Experts say local elections don't typically draw the same energy of presidential races, but Dr. Joe Morris, Political Science Department Chair at Mercyhurst University tells us it should be the other way around. "What goes on in city governments and county governments impacts their life far more on a day-to-day basis, far more than what goes on in Washington, DC."
The county clerk tells us in presidential election years, they usually see about 70% voter turn out, wherein local elections it's often more like 30%. Doug Smith, Erie County Clerk, tells us, "Local elections really do matter in the scheme of things; more so than in a lot of ways a president or a senator or a representative."
He says those offices matter, but might not be as integral in the community as we think. "Those are the folks who you know make the broad policies, but the micro policies are the ones that come from these smaller groups."

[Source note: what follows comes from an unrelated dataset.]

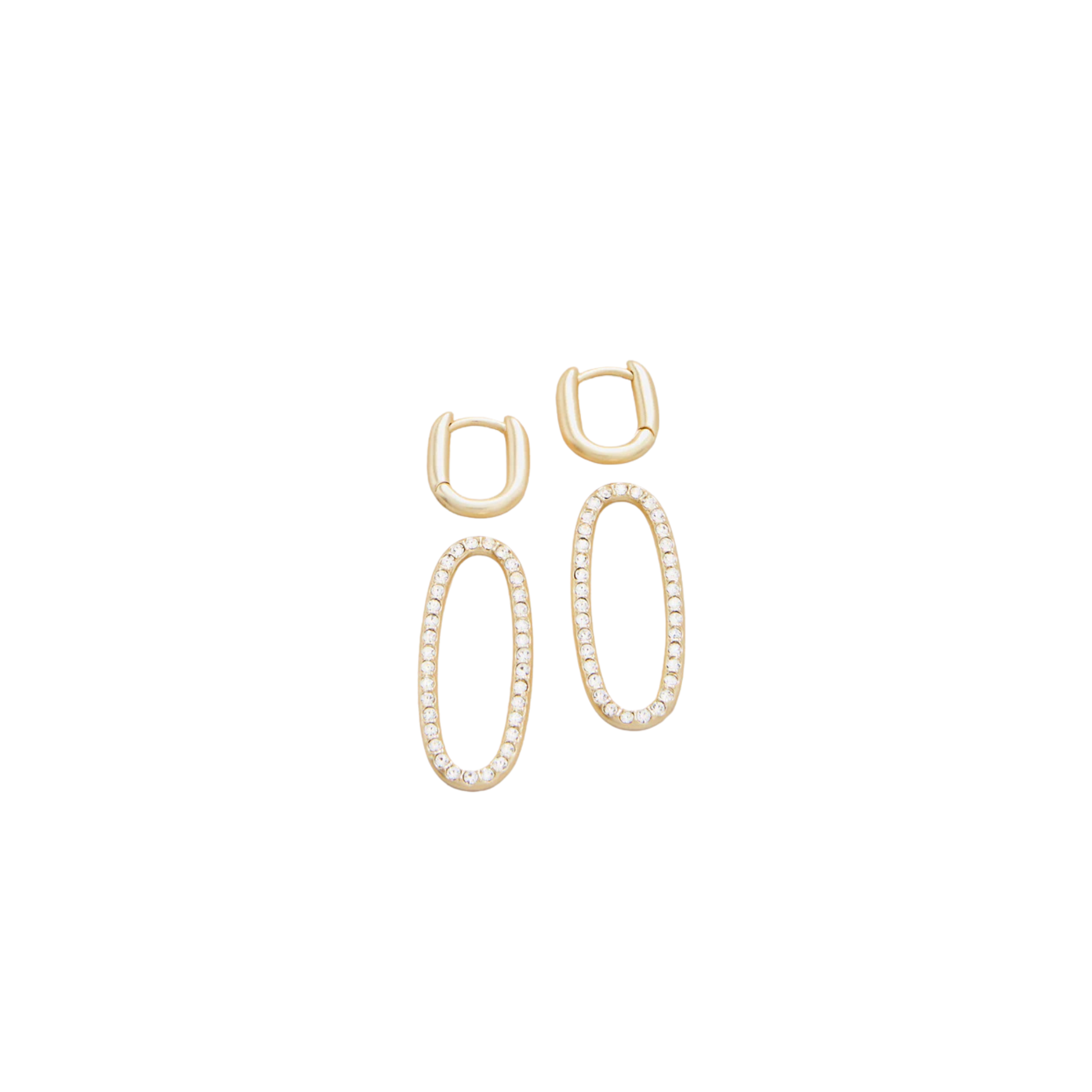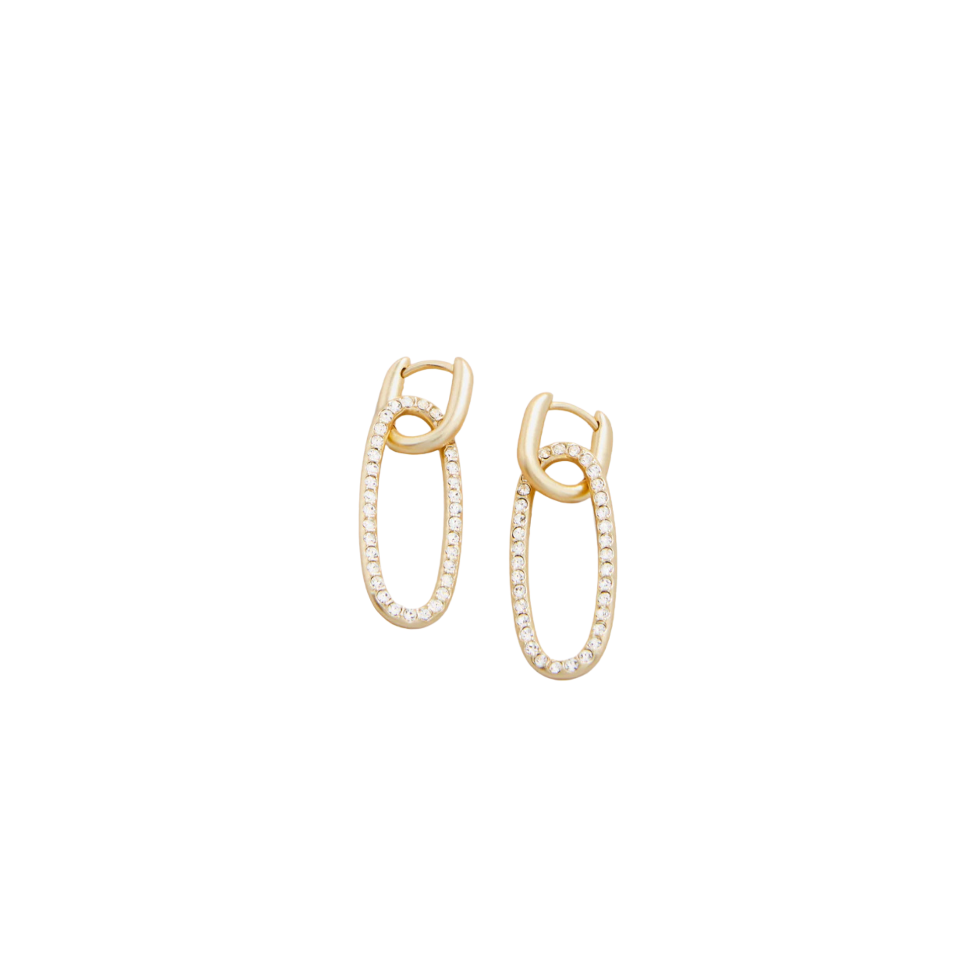 Made to dazzle and dangle, our lightweight Hudson Convertible Hoop Earrings are studded in glass crystals that loop around hinged hoops, both plated in 18kt matte gold. Bonus, remove the drop for a simple gold hoop. 2-looks-in-1!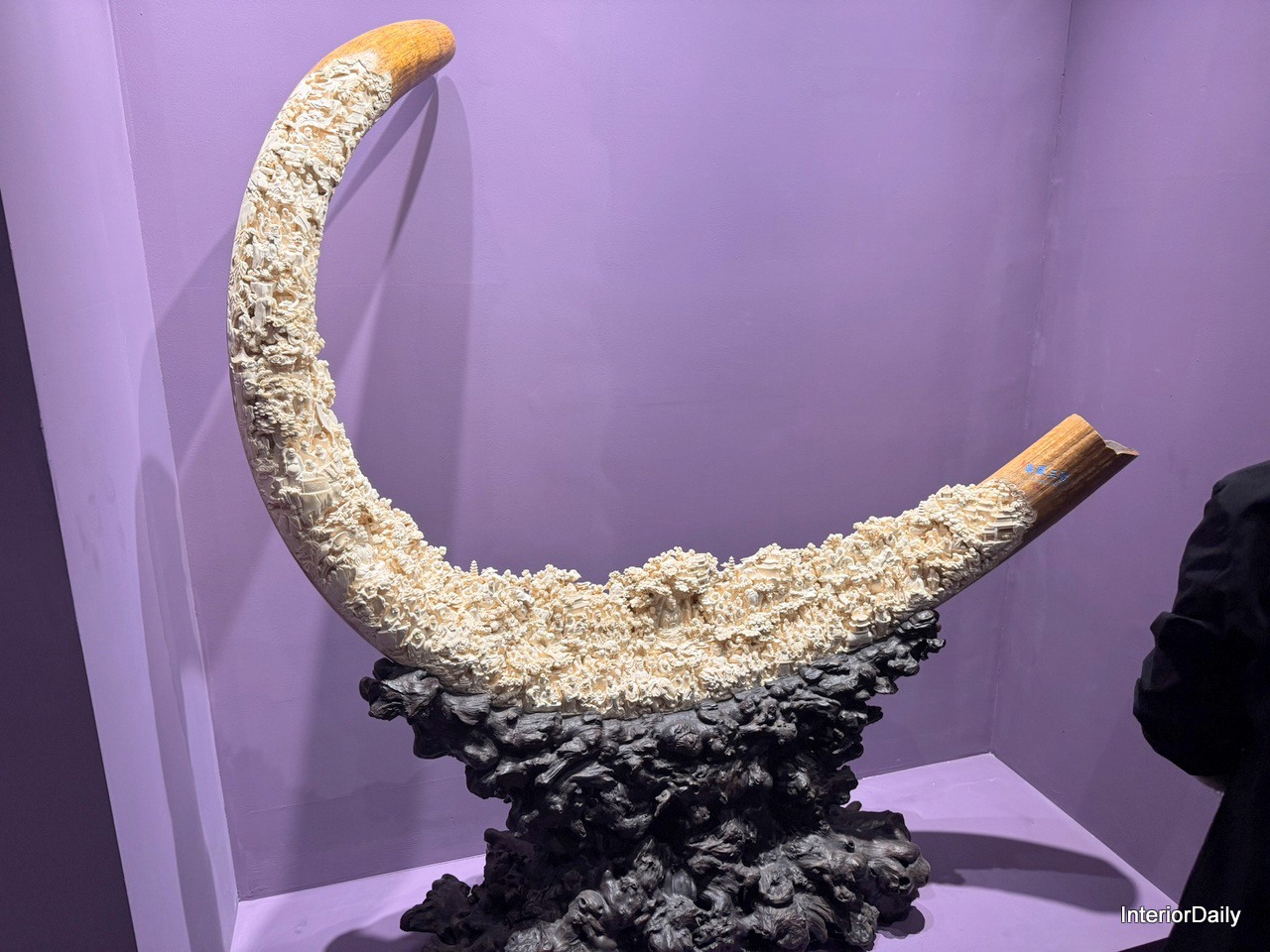 A hand-made Chinese decorative tusk, featuring intricate figures including temples, Buddhas, and other traditional motifs, detailed from end to end.

And since the turn out is typically lower in local elections, experts say each ballot holds, even more, weight, with the deciding factor in many races coming down to just a few votes. Morris says, "If you're one of those people who believes their vote doesn't matter, let me assure you that you're absolutely wrong."
Smith also says this year may draw a different crowd than previous local election years, given the energy behind this year's mayoral race. But, in general, experts say using your right to vote is crucial to see change on a local, state and national level.